On an August day last year, Shandas and other researchers compiled 75,000 temperature measurements from around New Orleans. They found that the coolest areas sat at around 88 degrees, while the hottest areas skyrocketed to 102 degrees. “It has to do with green space, it also has a lot to do with the configuration of the buildings, as well as the building materials,” says Shandas.
It also has to do with New Orleans’ history of redlining, a racist policy in which the government labeled Black and immigrant neighborhoods as not fit for investment. “These were not the places where money was being lent for homeownership—people were denied access to federally-backed mortgages,” says Na’Taki Osborne Jelks, an environmental and health scientist at Spelman College. “These communities have not been invested in, in terms of parks and green spaces. And in some cases, where we find that you have a park here or there, you can also see the lack of maintenance.” And if your green space isn’t green, it isn’t doing its job.
The land in these redlined areas has been cheaper to develop. So when people have invested in them, it’s by building highways and adding heavy industries. “This is where the warehouses are, lots of buildings that have a lot of heat-absorbing surfaces,” says Jelks, “where you have all the asphalt and little vegetation that will help to cool things.”
The problem is so acute that Shandas says temperatures in historically redlined areas are far hotter than other greener areas of New Orleans. Indeed, previous research has found that across the US, poorer neighborhoods with higher populations of people of color get up to 20 degrees hotter than wealthier white neighborhoods.
This extra heat can have devastating effects on human health: Hotter temperatures worsen air pollution, for instance, and the young and elderly are particularly sensitive to overheating. “Heat kills more people per year than any other natural disaster,” says Shandas. The death toll from Hurricane Ida stands in the dozens so far, but, he continues, “what is the more pernicious challenge here is the fact that heat comes slowly in after this hurricane.”
It doesn’t have to be this way.

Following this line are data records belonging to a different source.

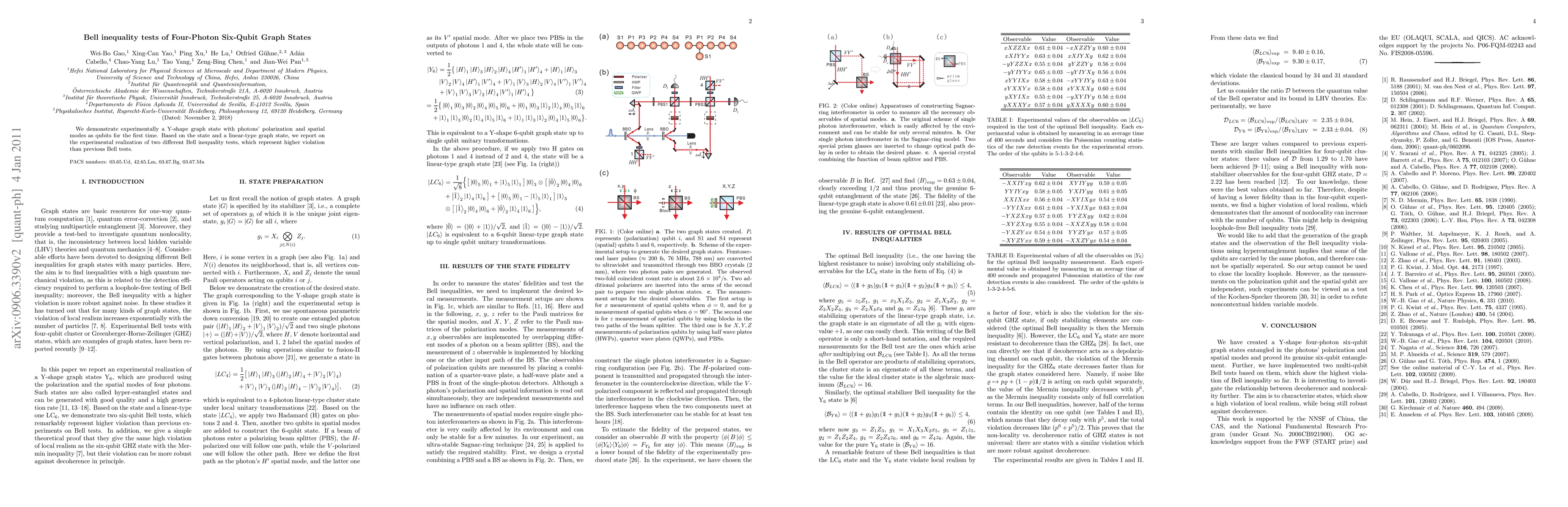 This paper details an experimental test of Bell inequalities using six-qubit graph states, demonstrating optimal violations and maximum noise resistance in both linear-type and Y-shape configurations. The results provide strong evidence for quantum entanglement and non-locality.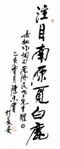 三个姑母之外,父亲和他的奶妈韩氏感情也很深。韩氏是蓝田白鹿原白村人,父亲出生后不久就来到了庞家。她身高体壮,慈善和蔼,奶养父亲到三岁多才离开。韩氏家贫,生一男孩,时年三岁;生一女,养不起,送了人。她是带着男孩来的,父亲便叫那男孩为奶哥。庞家每月付她三块银元。1975年,父亲的这位奶哥因生活困难来找他的奶弟,父亲招待他吃了饭,给了些钱,并给他买了二百五十斤玉米。20世纪90年代初,一个晚上,我到作家陈忠实的办公室里去,见他桌上有笔墨,就请他给父亲写一幅字。老陈铺纸,膏墨,提笔,略加思忖,就写下了“注目南原觅白鹿”几个字。我拿回家给父亲看,父亲很高兴,扳着指头说:“陈忠实写白鹿原,其实,咱家和白鹿原也有关系哩。我的大姑、小姑、舅家、姐家、外甥家,还有奶妈韩氏家,都在白鹿原。”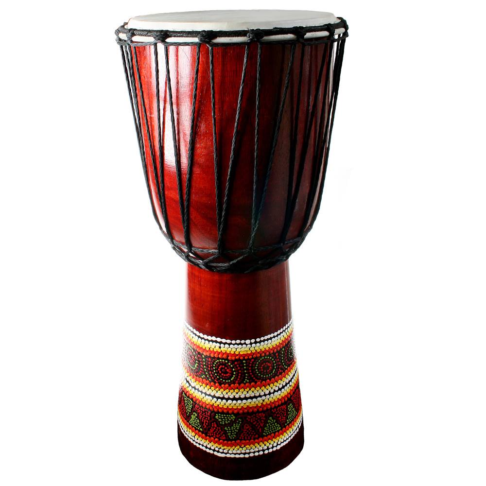 Our Djembe drums are handmade in Bali to this original African design whilst incorporating the vibrant dot design art that is so well known from the aboriginal cultures of Australia.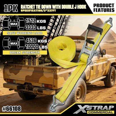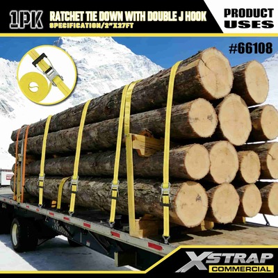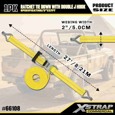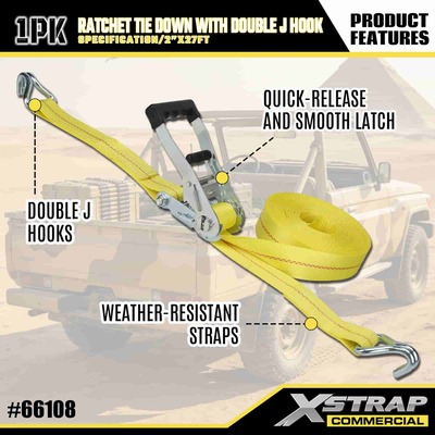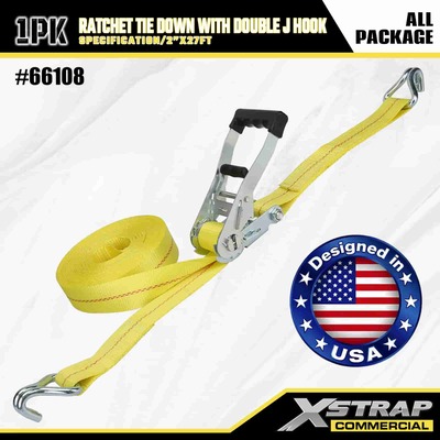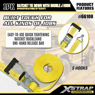 Xstrap Ratchet deprime cum Duplex J Hooks, 2" x 27' Polyester ligamen Strap Excute Ratchet Strap, 3333lbs Capacitas Cargo Lashing Securus Stragula cum Duplex J Hooks pro Cargo dicionis Truck, SUV, Car Top Racks Motorcycle,.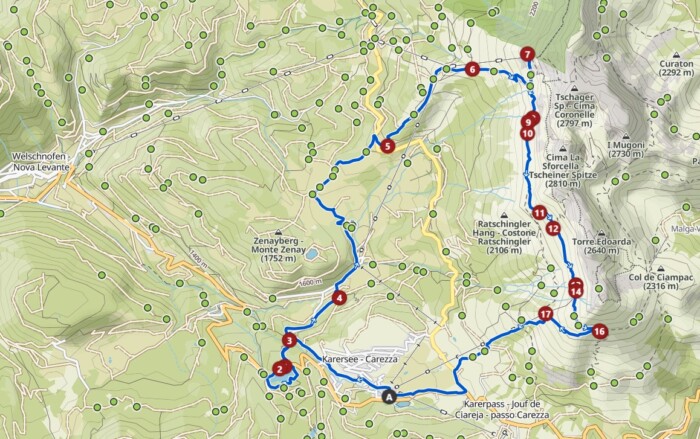 (Rosengarten - Karersee - Kölner Hütte - Hirzelsteig - Paolina Hütte)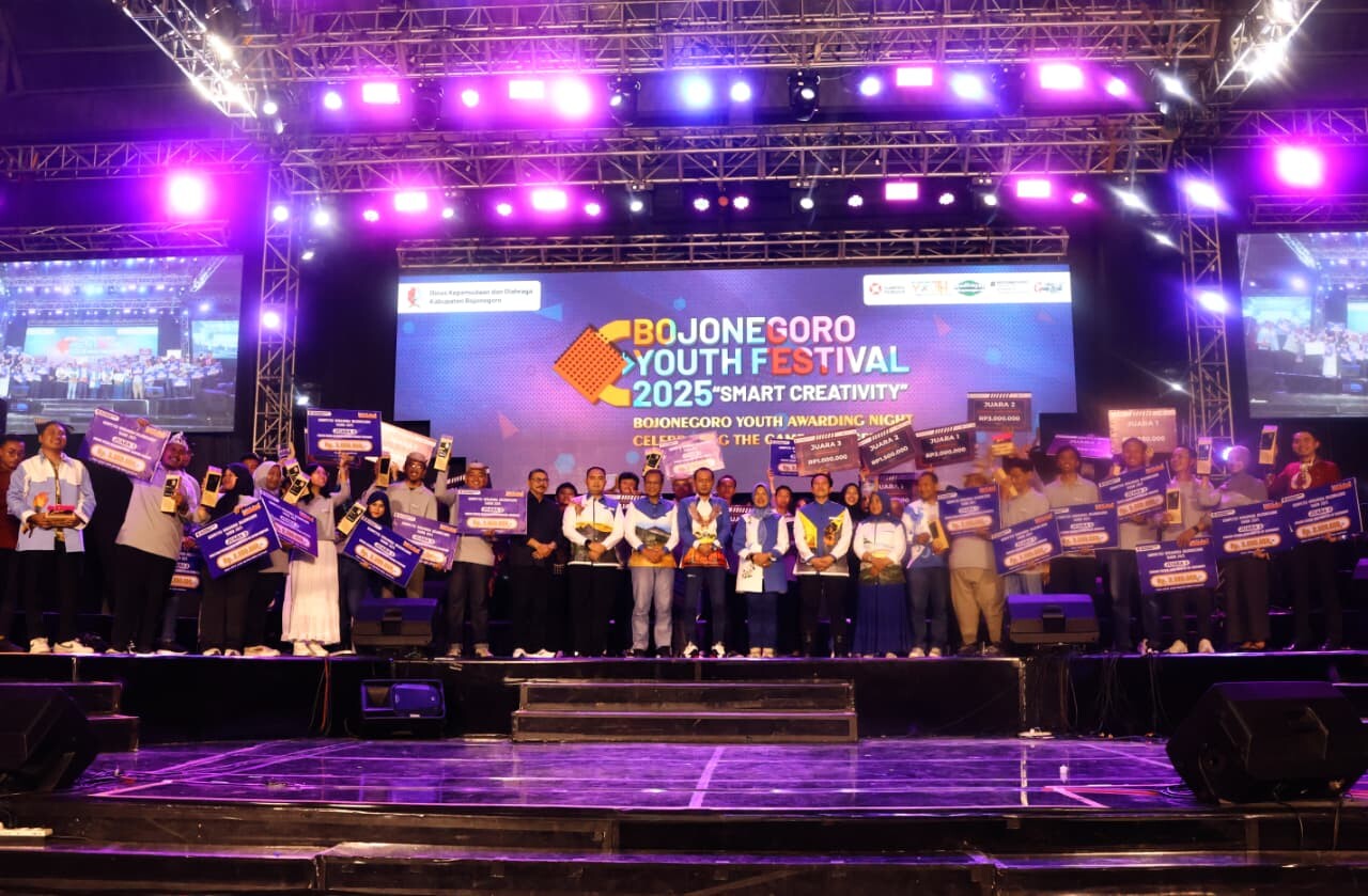 Bojonegorokab.go.id - Suasana malam di Gedung Olahraga (GOR) Utama Bojonegoro, Sabtu (25/10/2025), begitu hidup. Dengan antusias, warga mengikuti puncak acara Bojonegoro Youth Festival (BYF) 2025 dengan penampilan spesial artis terkenal Bondan Prakoso.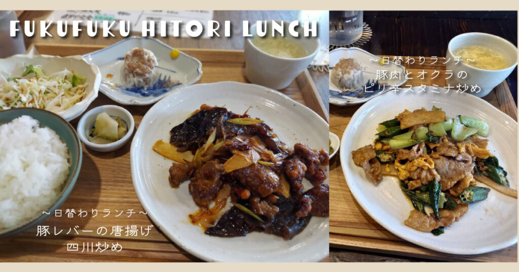 ~8/3 Sunの投稿の福福ひとりランチ*『豚肉とオクラのピリ辛スタミナ炒め』& 先週木曜日の福福ひとりランチ『豚レバーの唐揚げ四川炒め』~
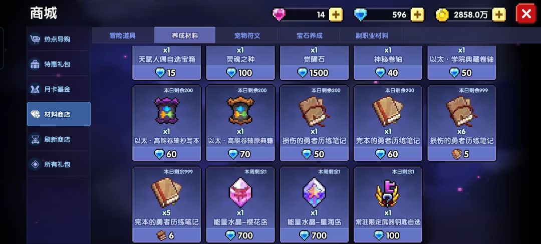 技能突破给的加成很大,而且资源获取途径少,兑换的优先级很高。另外,魔神石稀有属性的强化技能词条、魔女外装的套装效果也可以提升魔女技能的等级。刷新商店除了最新的魔女技能,其他都可以刷出来,初见魔女的技能可以用金币买,其他的用钻石。

Cities can invest in greening up neighborhoods, and the federal government could deploy President Biden’s proposed Civilian Climate Corps to pay people to do the work. That would provide local jobs and help residents prepare for a warmer future.
But it’s not as easy as simply increasing investment, because that may end up gentrifying neighborhoods and forcing residents out. “We’ve also got to do it in an equitable fashion, by having policy supports in place that keep people in place to reap the benefits of these new investments, of these new greening initiatives,” says Jelks. “As we provide access to communities that have historically been denied that access, we have to be careful about green gentrification.” So by all means, green up the place, but also provide affordable housing that’ll make it possible for the current residents to keep living there.
More fundamentally, mitigating against heat could become part of general city planning. “Right now, there’s not a city that I know of in the US that is actively putting heat into their development codes,” says Shandas. That’s leaving cities poorly prepared for an even hotter future. Right now, New Orleans is a testament to what that will look like.